* _Data_:

╭──

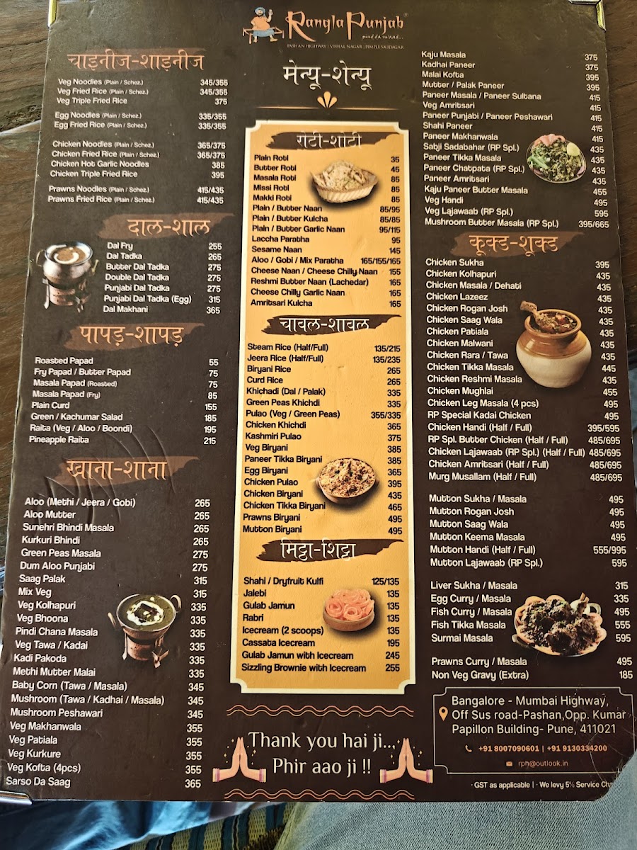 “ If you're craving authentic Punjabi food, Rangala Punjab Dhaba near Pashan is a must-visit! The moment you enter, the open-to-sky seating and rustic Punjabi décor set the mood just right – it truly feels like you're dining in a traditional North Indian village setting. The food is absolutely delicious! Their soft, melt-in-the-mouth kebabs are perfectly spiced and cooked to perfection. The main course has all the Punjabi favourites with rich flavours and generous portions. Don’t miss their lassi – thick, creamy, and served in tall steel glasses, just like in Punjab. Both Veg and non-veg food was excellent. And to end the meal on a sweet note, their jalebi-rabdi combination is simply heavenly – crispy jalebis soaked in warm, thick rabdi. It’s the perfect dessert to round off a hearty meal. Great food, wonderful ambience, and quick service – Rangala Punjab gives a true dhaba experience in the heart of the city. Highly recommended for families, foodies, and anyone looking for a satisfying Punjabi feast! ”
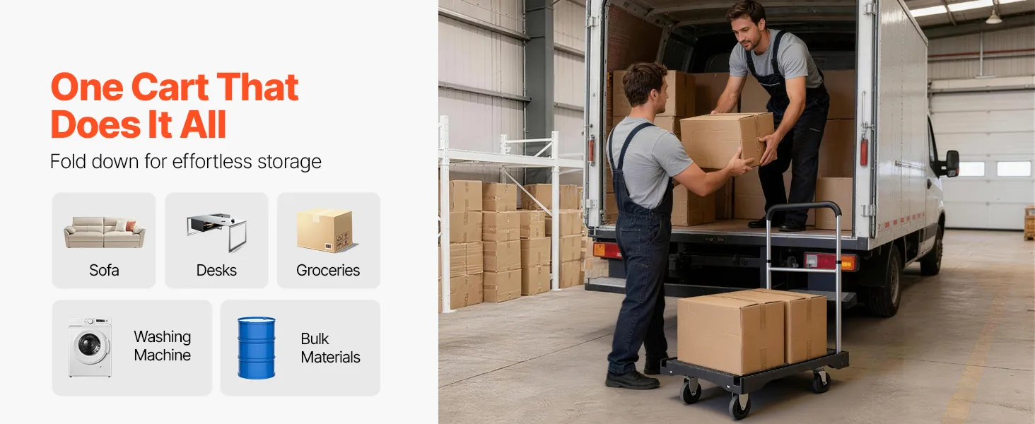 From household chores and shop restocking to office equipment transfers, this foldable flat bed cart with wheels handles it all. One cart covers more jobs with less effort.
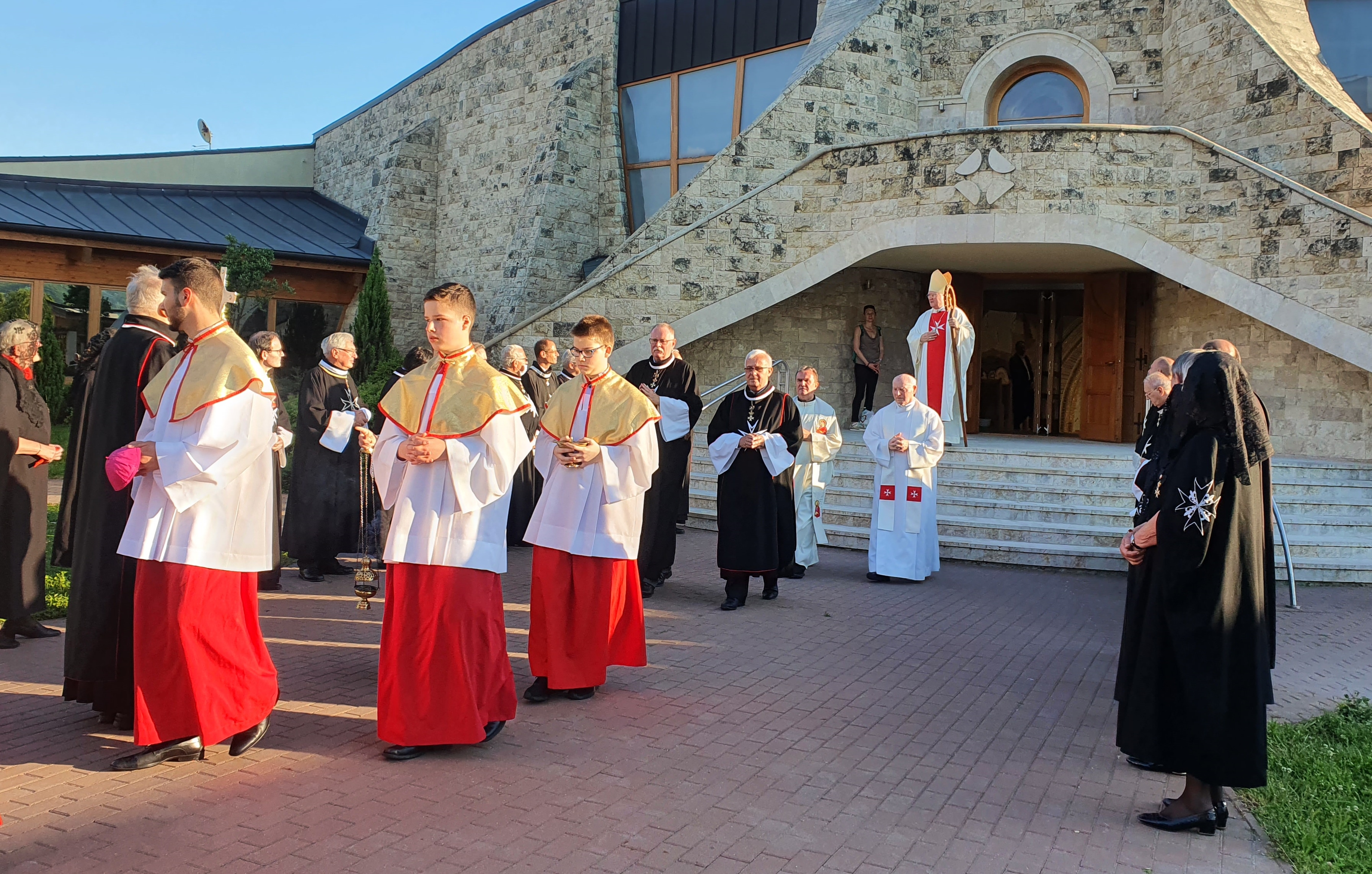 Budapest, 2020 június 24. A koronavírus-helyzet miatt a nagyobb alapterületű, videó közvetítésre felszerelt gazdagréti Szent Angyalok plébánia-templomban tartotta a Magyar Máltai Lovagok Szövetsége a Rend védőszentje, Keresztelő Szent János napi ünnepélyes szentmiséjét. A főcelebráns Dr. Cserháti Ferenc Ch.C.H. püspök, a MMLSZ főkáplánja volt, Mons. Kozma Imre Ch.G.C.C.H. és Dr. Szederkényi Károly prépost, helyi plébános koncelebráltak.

╰──

* _Problem description_: When you restate the listing, keep every word as it is and drop the pictures.

* _Solution to the exercise_:
 “ If you're craving authentic Punjabi food, Rangala Punjab Dhaba near Pashan is a must-visit! The moment you enter, the open-to-sky seating and rustic Punjabi décor set the mood just right – it truly feels like you're dining in a traditional North Indian village setting. The food is absolutely delicious! Their soft, melt-in-the-mouth kebabs are perfectly spiced and cooked to perfection. The main course has all the Punjabi favourites with rich flavours and generous portions. Don’t miss their lassi – thick, creamy, and served in tall steel glasses, just like in Punjab. Both Veg and non-veg food was excellent. And to end the meal on a sweet note, their jalebi-rabdi combination is simply heavenly – crispy jalebis soaked in warm, thick rabdi. It’s the perfect dessert to round off a hearty meal. Great food, wonderful ambience, and quick service – Rangala Punjab gives a true dhaba experience in the heart of the city. Highly recommended for families, foodies, and anyone looking for a satisfying Punjabi feast! ”
 From household chores and shop restocking to office equipment transfers, this foldable flat bed cart with wheels handles it all. One cart covers more jobs with less effort.
 Budapest, 2020 június 24. A koronavírus-helyzet miatt a nagyobb alapterületű, videó közvetítésre felszerelt gazdagréti Szent Angyalok plébánia-templomban tartotta a Magyar Máltai Lovagok Szövetsége a Rend védőszentje, Keresztelő Szent János napi ünnepélyes szentmiséjét. A főcelebráns Dr. Cserháti Ferenc Ch.C.H. püspök, a MMLSZ főkáplánja volt, Mons. Kozma Imre Ch.G.C.C.H. és Dr. Szederkényi Károly prépost, helyi plébános koncelebráltak.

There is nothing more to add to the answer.